→ **TRY IT**
Set down each entry as it stands. Skip the pictures.

→ **PROVIDED MATERIAL**
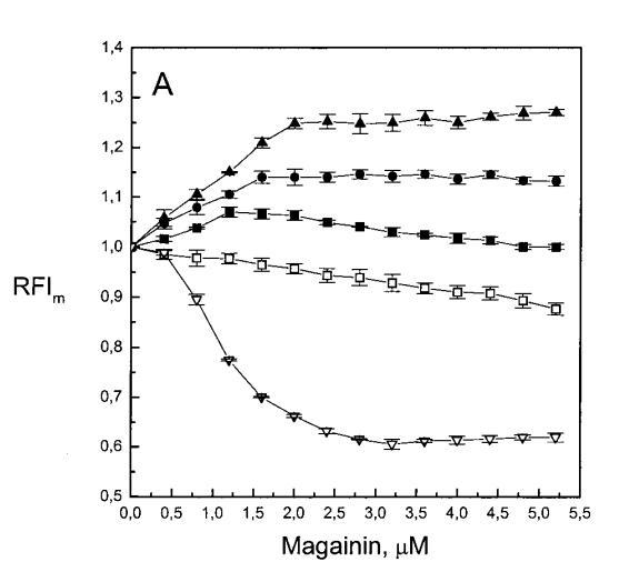 除上述相似性外,當(dāng)使用芘標(biāo)記的脂質(zhì)類似物研究酸性磷脂對脂質(zhì)動(dòng)力學(xué)的影響時(shí),兩種肽之間也存在明顯差異。Magainin 2導(dǎo)致兩性磷脂組成的LUV的芘發(fā)射顯著猝滅(圖2A)。然而,在PG存在的情況下,芘的單體強(qiáng)度增加,XPG逐漸增加了這種效應(yīng)的幅度(圖2A)。圓二色性、拉曼光譜、傅里葉變換紅外光譜和固態(tài)核磁共振研究表明,馬蓋寧在與脂質(zhì)雙層結(jié)合時(shí)采用螺旋構(gòu)象(Matsuzaki等人,1989年、1991年;Williams等人,1990年;Jackson等人,1992年;Bechinger等人,1993年;Wieprecht等人,1997年;Hirsh等人,1996年)。magainin 2對兩種膜的這些不同影響可能是由于1)通過與肽的帶正電基團(tuán)(例如賴氨酸的?氨基)直接接觸使芘熒光猝滅,或2)插入雙層的=-螺旋肽改變熒光團(tuán)的微環(huán)境,與層平面平行,如上所述。然而,在PG存在的情況下,肽的正電荷應(yīng)在與酸性磷脂形成靜電復(fù)合物時(shí)被中和,從而減少由于π-陽離子相互作用導(dǎo)致的芘熒光猝滅。
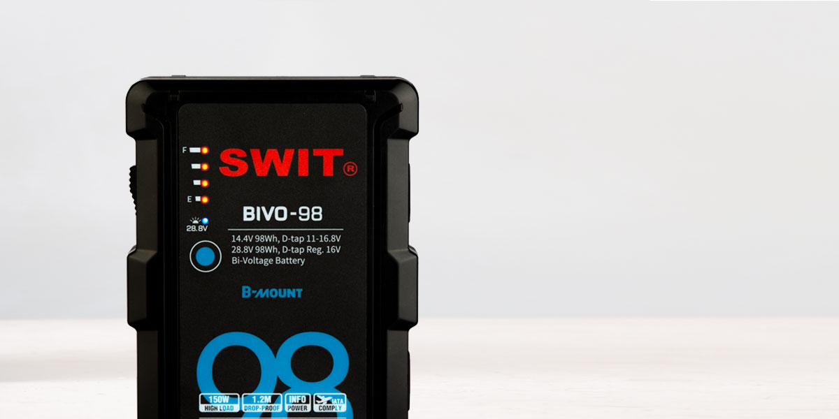 La BIVO-98 es una batería de montaje tipo B de doble voltaje de 14,4 V (11-16,8 V) y 28,8 V (22-33,6 V) para cámaras ARRI y diversos equipos cinematográficos compatibles con voltaje estándar. La batería detecta el valor de resistencia del pin de identificación de la placa de montaje B y, a continuación, suministra 14,4 V o 28,8 V sin riesgo de uso indebido.
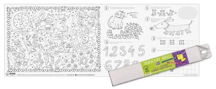 Dzieci uwielbiają bawić się i ten fakt wykorzystaliśmy, aby dostarczyć im produkt łączący zabawę z nauką. Prezentowany XXL Arkusz Edukacyjny stanowi doskonałe połączenie kolorowanki ze skutecznym narzędziem uczenia się. Dzieci nie tylko będą mogły rozwijać swoje zdolności artystyczne, kolorując ogromną powierzchnie (160 cm x 60 cm) kredkami, flamastrami lub farbami, ale jednocześnie uczą się poprzez gry i zabawy.Arkusz Edukacyjny pomoże w nauce pierwszych lekcji
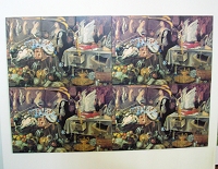 Un'altra opera dell'artistaPiccoli musei invitano al viaggio – Arcangelo, Jorge Eielson, Marco Di Giovanni, Andrea Facco, Jean-Michel Folon, Piero Gilardi, Ferdinando Greco, Alberto Storaci, Ketty Tagliatti, Franco Marrocco, Jorunn Monrad, Adele Prosdocini, Alessandro Verdi sono i nomi degli artisti della collettiva che si sviluppa al primo piano della galleria "Il Chiostro". Tutti, a loro modo, esprimono il valore del merchandise, come i 5 ritratti di Di Giovanni ripresi da banconote venezuelane dove l'arte prende ispirazione dall'oggetto principe del commercio, il denaro, o come l'acquerello di Folon, riproducente una fiammella, la stessa che poi è diventata simbolo di una pubblicità per un noto gestore del gas: vale a dire che l'arte può anche essere al servizio del commercio. Questi ed altri esempi costituiscono quello che è il piccolo museo degli Affanni che, con Giannetto Bravi, condividono una sorta di desiderio compulsivo che li spinge a collezionare. Oggi l'arte contemporanea dà la possibilità di sfatare il mito dell'arte elitaria, facendoci diventare un po' tutti protagonisti e collezionisti di piccole, ma preziose opere d'arte, tutti in qualche modo siamo capaci di creare dei musei personali, proprio come quello di Giannetto e degli Affanni. Un'arte accessibile a tutti quella delle piccole quadrerie, le quali, per citare il titolo dato al catalogo antologico di Bravi dal curatore della mostra, Roberto Borghi, sono un "perpetuo invito al viaggio".
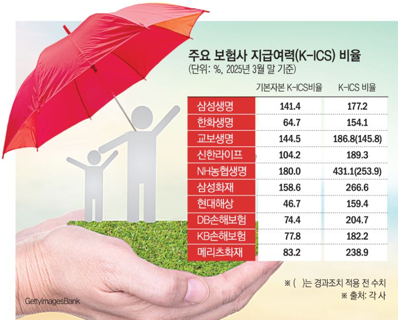 업계에서는 기본자본 킥스 비율을 50%로 관리하는 캐나다와 유럽 등 해외 주요국의 사례를 참고해 국내 기준도 이와 비슷한 수준으로 맞춰질 것이라는 관측이 나오고 있다. 올해 3월 말 대형 생명·손해보험사들의 기본자본 킥스 비율은 50%~150% 수준으로, 거론되는 기준선을 상회하고 있다. 그러나 이를 밑도는 일부 중·소형사의 경우 유상증자 등을 통해 기본자본 확충에 나설 것으로 보인다.
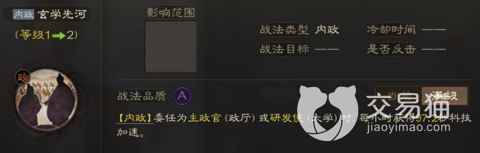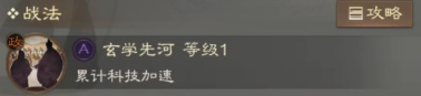 其自带战法为玄学先河,属于内政委任型战法,在该武将委任研发使以及主政官的时候,都能够提升不少的科技速度,内政武将的数量并不多,但是内政的职位空缺却不少,该战法虽然没有作战能力,但是对于资源获取却提供了非常多的帮助。

→ **ANSWER SECTION**
 除上述相似性外,當(dāng)使用芘標(biāo)記的脂質(zhì)類似物研究酸性磷脂對脂質(zhì)動(dòng)力學(xué)的影響時(shí),兩種肽之間也存在明顯差異。Magainin 2導(dǎo)致兩性磷脂組成的LUV的芘發(fā)射顯著猝滅(圖2A)。然而,在PG存在的情況下,芘的單體強(qiáng)度增加,XPG逐漸增加了這種效應(yīng)的幅度(圖2A)。圓二色性、拉曼光譜、傅里葉變換紅外光譜和固態(tài)核磁共振研究表明,馬蓋寧在與脂質(zhì)雙層結(jié)合時(shí)采用螺旋構(gòu)象(Matsuzaki等人,1989年、1991年;Williams等人,1990年;Jackson等人,1992年;Bechinger等人,1993年;Wieprecht等人,1997年;Hirsh等人,1996年)。magainin 2對兩種膜的這些不同影響可能是由于1)通過與肽的帶正電基團(tuán)(例如賴氨酸的?氨基)直接接觸使芘熒光猝滅,或2)插入雙層的=-螺旋肽改變熒光團(tuán)的微環(huán)境,與層平面平行,如上所述。然而,在PG存在的情況下,肽的正電荷應(yīng)在與酸性磷脂形成靜電復(fù)合物時(shí)被中和,從而減少由于π-陽離子相互作用導(dǎo)致的芘熒光猝滅。
 La BIVO-98 es una batería de montaje tipo B de doble voltaje de 14,4 V (11-16,8 V) y 28,8 V (22-33,6 V) para cámaras ARRI y diversos equipos cinematográficos compatibles con voltaje estándar. La batería detecta el valor de resistencia del pin de identificación de la placa de montaje B y, a continuación, suministra 14,4 V o 28,8 V sin riesgo de uso indebido.
 Dzieci uwielbiają bawić się i ten fakt wykorzystaliśmy, aby dostarczyć im produkt łączący zabawę z nauką. Prezentowany XXL Arkusz Edukacyjny stanowi doskonałe połączenie kolorowanki ze skutecznym narzędziem uczenia się. Dzieci nie tylko będą mogły rozwijać swoje zdolności artystyczne, kolorując ogromną powierzchnie (160 cm x 60 cm) kredkami, flamastrami lub farbami, ale jednocześnie uczą się poprzez gry i zabawy.Arkusz Edukacyjny pomoże w nauce pierwszych lekcji
 Un'altra opera dell'artistaPiccoli musei invitano al viaggio – Arcangelo, Jorge Eielson, Marco Di Giovanni, Andrea Facco, Jean-Michel Folon, Piero Gilardi, Ferdinando Greco, Alberto Storaci, Ketty Tagliatti, Franco Marrocco, Jorunn Monrad, Adele Prosdocini, Alessandro Verdi sono i nomi degli artisti della collettiva che si sviluppa al primo piano della galleria "Il Chiostro". Tutti, a loro modo, esprimono il valore del merchandise, come i 5 ritratti di Di Giovanni ripresi da banconote venezuelane dove l'arte prende ispirazione dall'oggetto principe del commercio, il denaro, o come l'acquerello di Folon, riproducente una fiammella, la stessa che poi è diventata simbolo di una pubblicità per un noto gestore del gas: vale a dire che l'arte può anche essere al servizio del commercio. Questi ed altri esempi costituiscono quello che è il piccolo museo degli Affanni che, con Giannetto Bravi, condividono una sorta di desiderio compulsivo che li spinge a collezionare. Oggi l'arte contemporanea dà la possibilità di sfatare il mito dell'arte elitaria, facendoci diventare un po' tutti protagonisti e collezionisti di piccole, ma preziose opere d'arte, tutti in qualche modo siamo capaci di creare dei musei personali, proprio come quello di Giannetto e degli Affanni. Un'arte accessibile a tutti quella delle piccole quadrerie, le quali, per citare il titolo dato al catalogo antologico di Bravi dal curatore della mostra, Roberto Borghi, sono un "perpetuo invito al viaggio".
 업계에서는 기본자본 킥스 비율을 50%로 관리하는 캐나다와 유럽 등 해외 주요국의 사례를 참고해 국내 기준도 이와 비슷한 수준으로 맞춰질 것이라는 관측이 나오고 있다. 올해 3월 말 대형 생명·손해보험사들의 기본자본 킥스 비율은 50%~150% 수준으로, 거론되는 기준선을 상회하고 있다. 그러나 이를 밑도는 일부 중·소형사의 경우 유상증자 등을 통해 기본자본 확충에 나설 것으로 보인다.
 其自带战法为玄学先河,属于内政委任型战法,在该武将委任研发使以及主政官的时候,都能够提升不少的科技速度,内政武将的数量并不多,但是内政的职位空缺却不少,该战法虽然没有作战能力,但是对于资源获取却提供了非常多的帮助。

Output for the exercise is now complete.